By Reidar Visser (http://historiae.org)
11 February 2006

After last month’s distribution of 230 parliamentary seats won by candidates in Iraq’s provinces, the United Iraqi Alliance (UIA) had 109 confirmed deputies, with supporters of Muqtada al-Sadr forming the largest bloc. The Alliance also received 19 “national” seats, but the allocation of these seats to individual deputies within the alliance was only announced yesterday, on 10 February.

 

Figure 1: The United Iraqi Alliance internal structure based on the 109 deputies elected in the provinces and confirmed as of 20 January 2006.(Data for deputy affiliations are for the pre-election situation; at least one possible case of a UIA member switching allegiance has since been reported – an independent who according to some reports recently joined the Sadrists.)

 

Interesting statistics emerge from the distribution of these “national” seats. The Supreme Council for the Islamic Revolution in Iraq (SCIRI) and their close allies in the Badr Organisation took no less than nine or almost 50% of the UIA’s 19 seats. The Sadrists gained three seats; Fadila, two; Daawa (Tanzim al-Iraq), one; independents, four. The main faction of the Daawa received no “national” seats. In this manner, SCIRI managed to improve its overall share of UIA seats from 19% to 23%.

 

Figure 2: United Iraqi Alliance seats decided by the coalition leadership between 20 and 22 January 2006 but not made public pending the certification of final elections results.

What enabled a single party to dominate this process so markedly? The explanation lies with a little-discussed peculiarity of the Iraqi election system. “National” and “compensatory” seats are common features in countries that practise proportional representation (PR) with multiple electoral districts (instead of a single district). The overarching aim of such devices is to achieve proportionality at the national level and to make up for disproportionalities caused by the use of several districts. In pursuing this goal, the Iraqi system shares features with several other PR systems; there is a particularly close parallel to the model adopted in Bosnia Herzegovina in 2000. But there is also one very important difference in the Iraqi system: here, the list order of the 45 seats awarded on a “national” basis is only decided by the political entities after the elections. (By way of contrast, in Bosnia these “national” lists, while not appearing on the ballots, are supposed to be publicly available in the period before the elections, all in the name of transparency.) The effect is of course that the Iraqi voter whose ballot ends up deciding a “national” seat never had the faintest idea about which candidate the vote would go to, except the name of the party and that it would be someone already on that party’s lists – somewhere on a list, somewhere in the country. Because the sole eligibility criterion for these seats is inclusion, in one way or another, on the list of the relevant political entity, party and coalition leaderships may horse-trade as much as they like with the seats that remain after “governorate” deputies have been named.
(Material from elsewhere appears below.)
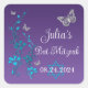 Turquoise, Purple Floral, Butterflies Bat Mitzvah Square Sticker

And the horse-trading among the UIA leadership appears to have been pretty intense. For instead of following any list-based logic, the UIA bosses have promoted relatively obscure SCIRI candidates from places far down on the lists, chiefly in Baghdad and northern Iraq, and thus from positions where they had been unlikely to succeed even if the UIA had performed better than they actually did. Technically, of course, these seats are meant to be “national” ones and thus detached from any geographical considerations. But the weak correlation between awarded seats and candidate electoral performance cannot escape notice. The new SCIRI deputy from Anbar province, for instance, has around 100 “personal” votes behind him, whereas the 300 or so UIA voters in Kurdish Sulaymaniyya were in a sense amply rewarded for their efforts: two representatives to the new Iraqi parliament are from the UIA Sulaymaniyya list – the top Sadrist candidate and another SCIRI member who originally had ranked in fourth place on the ballot. (It should be stressed that these “national” seats are not specifically intended to compensate regions perceived to be under-represented in overall numbers of “governorate” deputies.) Particularly instructive is what happened in Baghdad, where the UIA had 35 confirmed deputies before the distribution of “national” seats. First, number 36 and number 37 (non-SCIRI) on the list were bypassed by the coalition leadership. Numbers 38 through 41 did receive seats (one independent, one Sadrist, two Badr Organisation members), numbers 42 through 44 (non-SCIRI) were passed over, and then three seats were given to two SCIRI/Badr Organisation members and one member of Daawa (Tanzim al-Iraq) further down on the list. A candidate for Hizb al-Fadila (Virtue Party) and an independent placed at the very bottom of the list also received a seat each. In this way, the allocation of “national” seats has been completely detached from the ballot list order (instead of for instance employing a largest-remainders logic, which is often used in PR systems to address the problem of “wasted votes”). More appropriately, these seats could be termed “party seats”, for the electorate has no influence whatsoever on how they are distributed to individual candidates within each political entity.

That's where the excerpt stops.